Giuliano was not a chef; he was not a cook. He was an incredible cooking teacher as well as a wonderful cookbook writer. With Henry, beginning with “The Fine Art of Italian Cooking”, he wrote a number of books that are simply among the very best in English. Bugialli On Pasta; Foods of Sicily and Sardinia; Foods of Tuscany; The Best of Bugialli. These, and many others, are classics. The books weren’t only “just written.” The amount of research that Giuliano and Henry did was simply astounding. As far as a cooking teacher, even now, looking at his cooking lessons that are on the internet, you can see what a fabulous teacher he was. He didn’t teach only in Italy. For a long time he gave courses throughout the U.S. and thousands of his students can attest to his brilliant teaching.

Giuliano was a perfectionist. And sometimes, he could be a bit exacting.
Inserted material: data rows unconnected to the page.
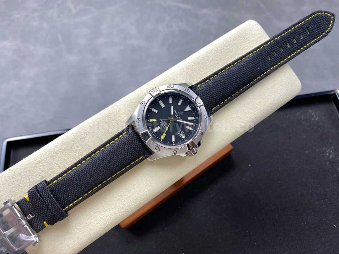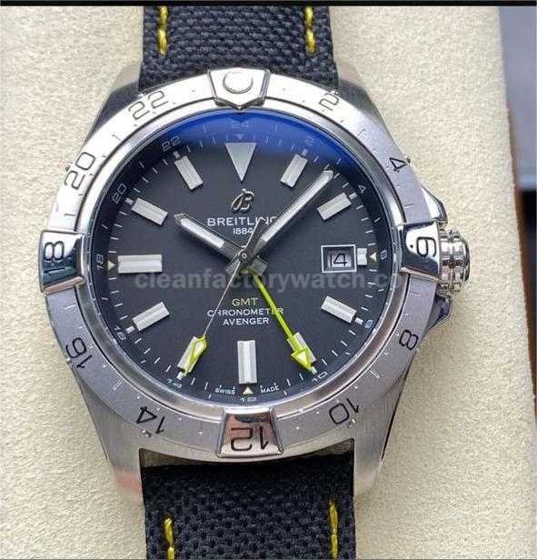 BLS Factory Breitling Avenger A323201A1B1X1 44mm Steel Calf Skin Strap Yellow GMT Needle Black Dial
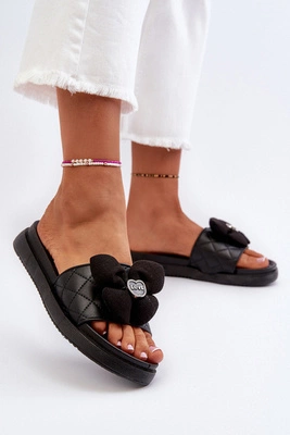 Klapki Damskie Z Ozdobą Na Niskiej Platformie Czarne Cedrella
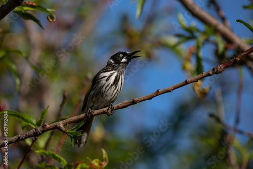Australian New Holland Honey Eater bird perched on a branch mid song.
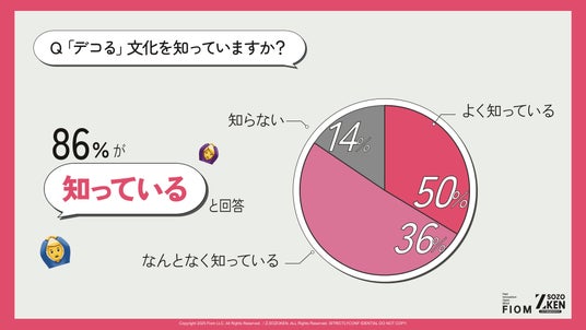 Z世代の86%が「デコ」という文化を認知しており、「よく知っている」36%、「なんとなく知っている」50%を合わせ、言葉自体の説明が不要なほど共通認識化されています。
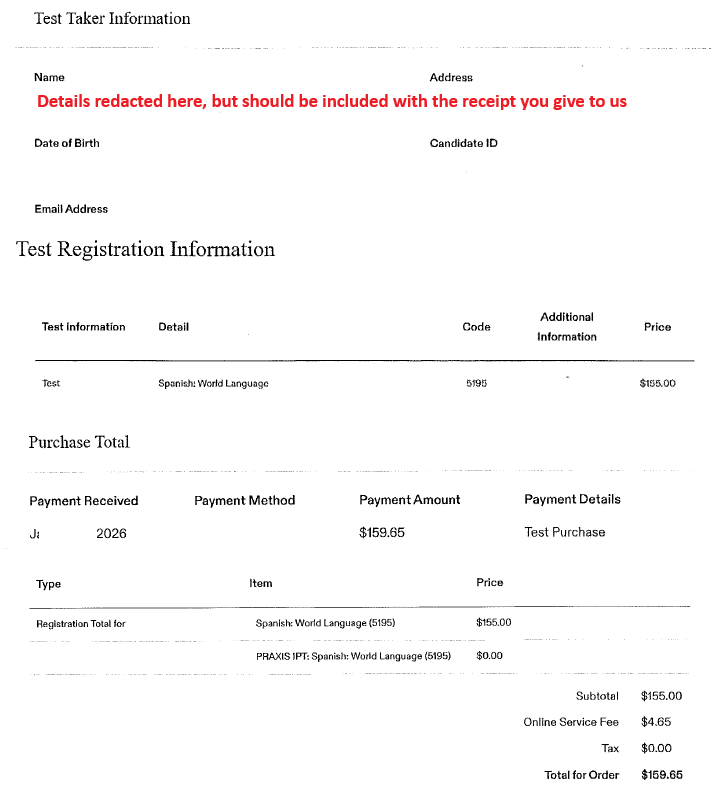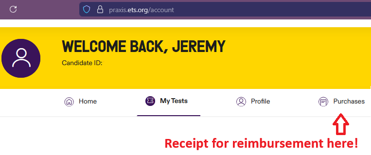 ETS World Language Exams for senior testing are reimbursable. Login to your account at praxis.ets.org, and find the purchases link. The Praxis website was recently overhauled, but your receipt should look similar to the image below. We need the detailed receipt showing your name, what you paid for, and any payment details. The Business Office will reject admission tickets – they require the detailed purchase receipt.
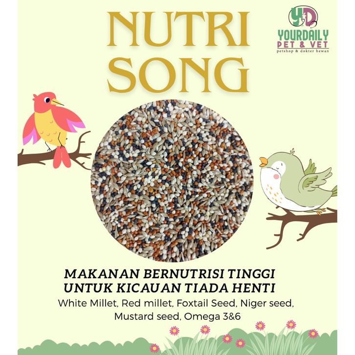 pakan burung NUTRISONG campuran super untuk burung kuter, perkutut, loverbird, dara, ayam, kicau
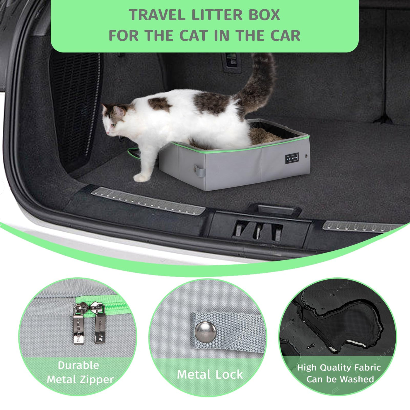 Petsfit Travel & Portable Cat Litter Box - Leak-Proof, Waterproof Bottom, Fit For Medium Cats & Kitties, Travel Litter Box With Lid, Standard Collapsible Litter Boxes Perfect For Hotel/Lawn/Car Travel
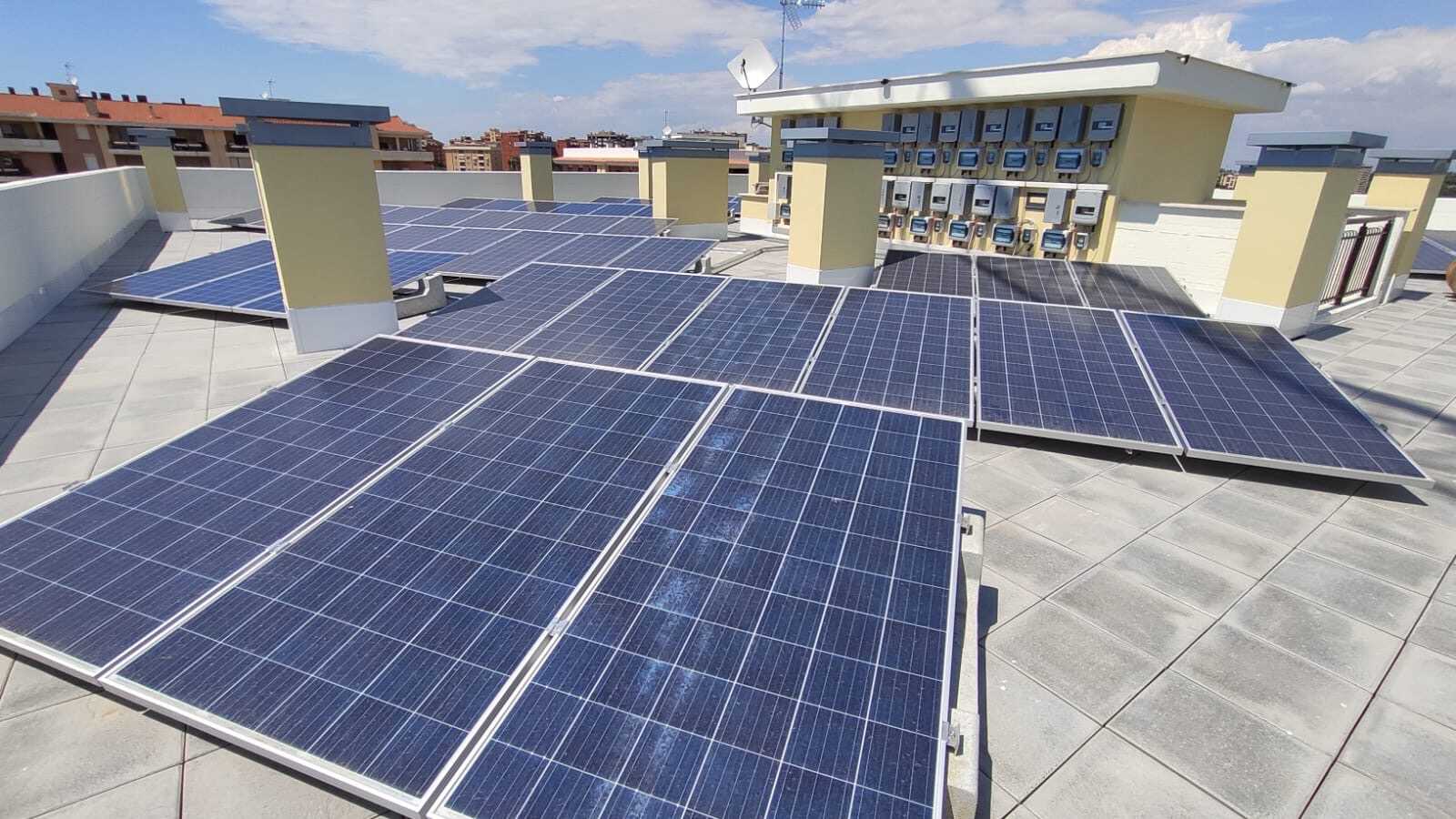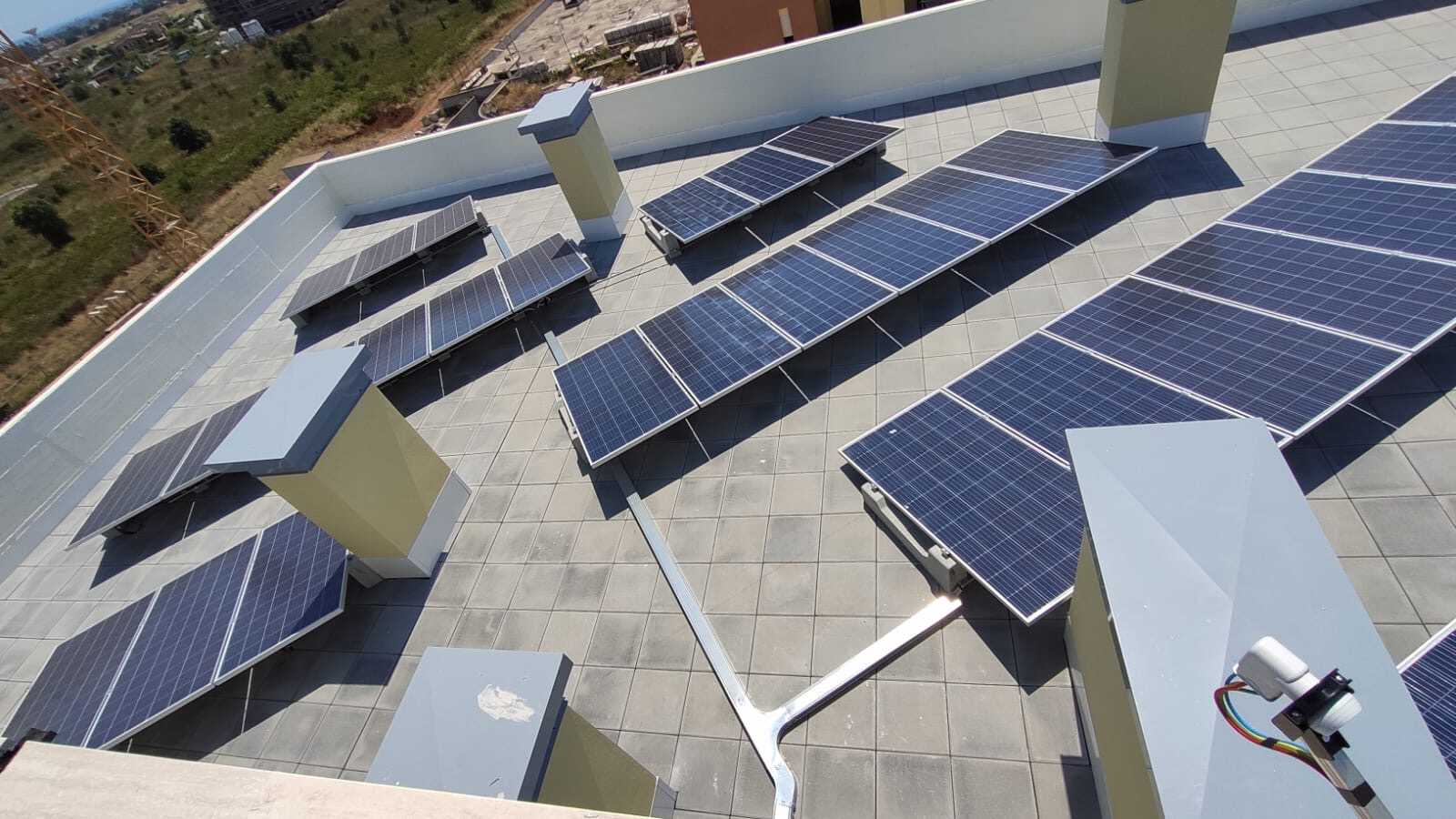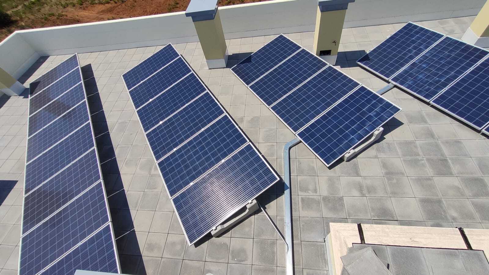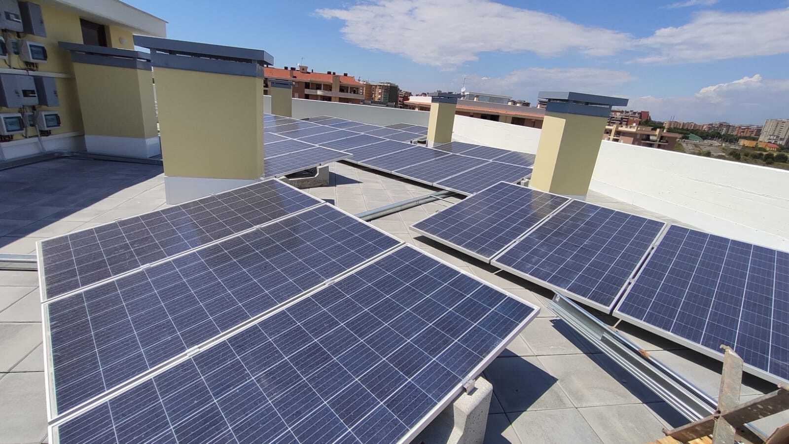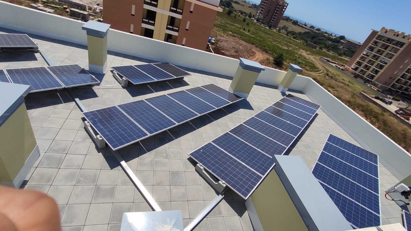Des supports qui n’ont pas besoin d’être fixés sur le toit et qui peuvent être déplacés sans difficulté pour contourner les obstacles sur le toit. Ainsi, 70 systèmes photovoltaïques de 1 kWc ont été installés pour chacun pour tous les immeubles.

But he was the “real deal.” He didn’t make things up in order to be popular; he didn’t invent new “Italian dishes” as so many did. He didn’t stray from what he knew was the core of Italian regional cooking. As I said, he was the real deal. After observing Giuliano teach a class In Florence, even Hazan’s editor, the late great Judith Jones, said to me, soto voce, that he had it all over Marcella. High praise indeed.

He was extraordinarily knowledgeable. His palate was second to none. He had impeccable taste, not only with regard to food and wine, but with "all things design" as well. He was kind and considerate with his students and with people in general. He couldn’t do enough to help you. He was one of a kind.